In recent years, midterm election voter turnout for young adults (ages 18-29) has been very low. Four years ago, 20 percent of people in that age group voted, according to a Tufts University study.
“Young people often times feel like they don’t have enough knowledge to vote,” said Christopher Faricy, an associate professor of political science at Syracuse University’s Maxwell School of Public Affairs.
This year, though, some young adults feel that number is turning around. Political candidates from both parties focused on mobilizing the young voters.
“For a general election, this is the most I’ve ever felt people were voting,” said Alex Archambault, a graduate student at SU.
So far, the numbers don’t necessarily agree. ABC News’ exit polls are reporting just a two percent increase in young voters from the 2014 midterms.
Most in that age group have very busy schedules, which can help explain for the lack of turnout. Another issue is the absentee ballot. Most college students live away from home and can’t vote in person.

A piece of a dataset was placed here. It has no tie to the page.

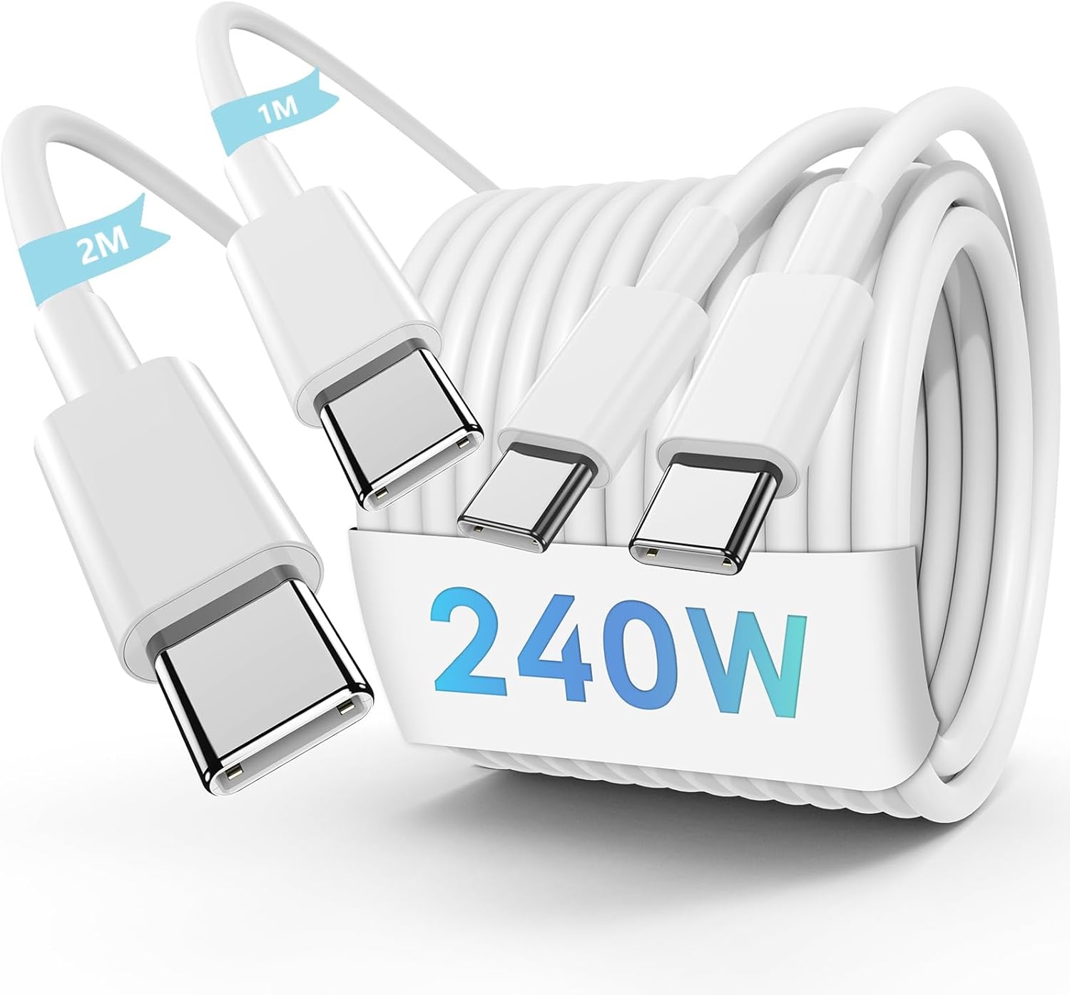 240W USB-C to USB-C Cable (1m + 2m) for fast charging MacBook, iPad and iPhone

“It was kind of a hassle for it to get sent, because I move around. Last year I lived in a different address, this year I live in a new address. So it was kind of difficult to get sent to this year’s address,” said Aidan Barczak, undergraduate student at SU.
Some states are making changes to their absentee requests in hope of making the process easier. Michigan, for example, has introduced a policy that grants every absentee request, regardless of the reason why.